Rezim Neoliberal yang Memukul Orang Miskin di Tengah Wabah

Sebuah refleksi

Oleh Muhammad Ridha

Tahukah kamu (orang) yang mendustakan agama? 
Itulah orang yang menghardik anak yatim,
Dan tidak menganjurkan memberi makan orang miskin.
Maka celakalah bagi orang-orang yang shalat,
(Yaitu) orang-orang yang lalai dari salatnya,
Orang-orang yang berbuat riya
Dan enggan (menolong dengan) barang-barang berguna.

QS:Al-Maun  1-7

Lukisan oleh Jumaadi Jumaadi. Di perahu. Gouache on paper 2020
Artikel ini dimulai dari kenyataan televisi yang membuat trenyuh. Tiga orang anak berkebutuhan khusus mendekam di rumah gubuk setelah orang tuanya meninggal karena tak bisa makan. Mereka tak bisa apa-apa sampai orang sekitar datang dan mereka mengambil tangan orang itu menanyakan apa mereka membawa nasi. Lalu orang-orang mengambilkan nasi. Peristiwa kecil yang saya kira, di bawah anjuran-anjuran penanganan wabah neoliberal, yang wataknya berfikir ekonomis saja, maka rakyat kecil seperti ini, yang tak pernah diuluri tangan program-program pemerintah yang terpusat itu, saya kira ada banyak jumlahnya. Hal ini dikabarkan oleh banyak sekali media. Nasional maupun lokal.

Rakyat Miskin Menderita

Ada banyak kisah rakyat miskin yang menderita karena wabah covid19.  Ada kisah Atek, seorang lelaki berusia 40 tahun dari kecamatan Medan Polonia, Medan Sumatera Utara nekat mencuri 1 kresek berisi 5 kilogram beras karena kelaparan dan kedapatan. Dia dipukuli warga. Ada juga seorang pengemudi ojek online disebutkan dalam sebuah berita menjual televisinya untuk menyambung hidup saat pandemik. Ada seorang ayah dengan 5 orang anak menjual handphone rusak, barang berharga yang tersisa, untuk membeli seliter beras agar bisa memberi makan anaknya.  Seorang ibu menangis menyampaikan ke awak media jika dia dan anaknya telah dua hari tidak memakan apa-apa. Bahkan lebih parah dari itu banyak dan dengan mudah ditemukan pada mesin pencari daring. Seperti berita “Miskin Karena Corona, Ibu Yuli Meninggal Setelah Dua Hari Tidak Makan”. “Seorang ibu memilih bunuh diri bersama dua orang anaknya karena corona membuatnya tak punya penghasilan untuk makan.” Berita semacam ini bisa dipungut dengan mudah di media daring.

Berita di televise juga tak kalah menyedihkan. Suatu kali dalam salah satu stasiun televisi swasta memberitakan 3 orang anak ditemukan dalam gubuk sudah tidak makan berhari-hari. Ketika ditemukan dia langsung meminta makan dengan cara mengiba kepada petugas yang datang saking kelaparan telah memukulnya berhari-hari. Tragedi semacam ini akan meluas secara global akibat pandemi yang masih terus berlangsung. PBB memprediksi akan ada 250 juta orang yang kelaparan. Meningkat dari prediksi seandainya 135 juta orang. [1]

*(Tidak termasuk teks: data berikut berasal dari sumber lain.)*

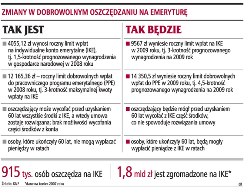 Przygotowana przez resort pracy nowelizacja ustawy z 20 kwietnia 2004 r. o indywidualnych kontach emerytalnych (Dz.U. nr 116, poz. 1205 z późn. zm.) przewiduje, że roczny limit wpłat na IKE wzrośnie z 1,5-krotności średniego miesięcznego wynagrodzenia w gospodarce narodowej do trzykrotności tej płacy. W założeniach do ustawy budżetowej na 2009 rok rząd przyjął, że wynagrodzenie to wyniesie 3189 zł. Oznacza to, że rocznie na IKE będzie można wpłacić 9,56 tys. zł (w tym roku 4055,12 zł).
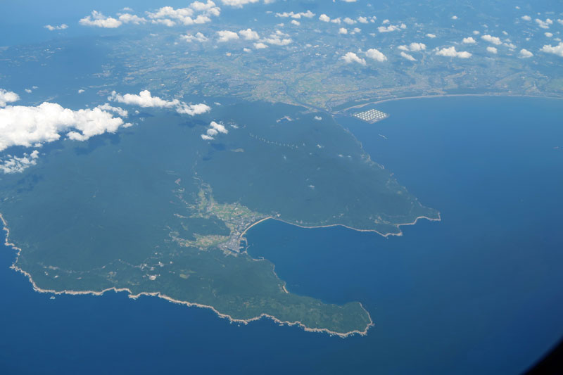 志布志湾の石油備蓄基地を見たすぐ後にある湾は内之浦で、下側の半島は火崎です。写真でその下側の半島から少し左に位置するのがJAXAの内之裏のロケット発射基地です。

Wabah yang melanda hampir seluruh wilayah dunia, tak terkecuali Indonesia, telah menghempaskan banyak orang ke dalam kemiskinan dan kelaparan akut. Wabah yang tak kunjung ditemukan penawarnya ini membenamkan makin banyak orang ke dalam derita kemiskinan dan kelaparan akut. Kisah-kisah di awal tulisan ini penulis pungut di mesin pencari dengan amat mudah. Tentu saja itu hanya sebagian amat kecil dari realitas yang luas dari lanskap kemiskinan masyarakat kita. Jika ditengok angka kemiskinan menurut data Badan Pusat Statistik, untuk tahun 2019, ada 25,14 juta orang miskin di negeri ini, atau 9,82% dari jumlah populasi. Jumlah yang amat besar tentu saja. Jumlah itu hanya selisih 6 juta jiwa dan setara dengan jumlah seluruh penduduk Malaysia pada tahun 2018 yang berjumlah 31,53juta jiwa, atau hampir 5 kali jumlah penduduk Singapura yang tahun 2018 berjumlah 5,639juta jiwa atau empat kali jumlah penduduk negara Laos yang hanya 7,062juta jiwa dan jauh lebih banyak dari jumlah penduduk Kamboja yang sekitar 16 juta jiwa pada tahun 2018 atau Timor Leste 1,2juta jiwa. Negeri ini besar. Penduduk miskinnya jumlahnya juga besar.

Baca juga:  Melalui RUU Minerba, Tak Ada Masa Depan Cerah Bagi Kita Semua!

Jumlah penduduk miskin di negeri kaya yang dipimpin ‘orang baik’ ini jumlahnya lebih besar dari jumlah keseluruhan penduduk Negara Singapura, Kamboja dan Timor Leste. Atau dua kali lebih besar dari seluruh penduduk Timor Leste, Laos dan Singapura. Atau separuh dari jumlah seluruh penduduk Thailand. Mencari persamaan atau juga selisih dari jumlah penduduk miskin kita dengan jumlah penduduk banyak Negara lain tentu amat mudah. Sebab angka-angka itu demikian mudah diakses. Tapi bahkan karena itu sudah sedemikian mudah dilihat atau dihitung malah tak pernah mudah untuk dikeluarkan dari jurang dalam itu. Yang membuat mereka mendekam dalam derita, diserang wabah dan kelaparan.  Mengapa? Ada banyak apologia atas itu. Di Negara neoliberal ini alasannya menjadi amat membosankan.

Kondisi pandemi ini tentu saja telah melemparkan lebih banyak orang lagi ke dalam jurang itu selama standar-standar kebijakan penanganan, skema kehidupan kita, relasi sosial dan produksi kita masih di bawah anjuran-anjuran modal. Selama kita masih memandang nyawa rakyat itu hal biasa saja, ekonomi yang tumbuhlah yang penting, maka tak ada harapan perbaikan.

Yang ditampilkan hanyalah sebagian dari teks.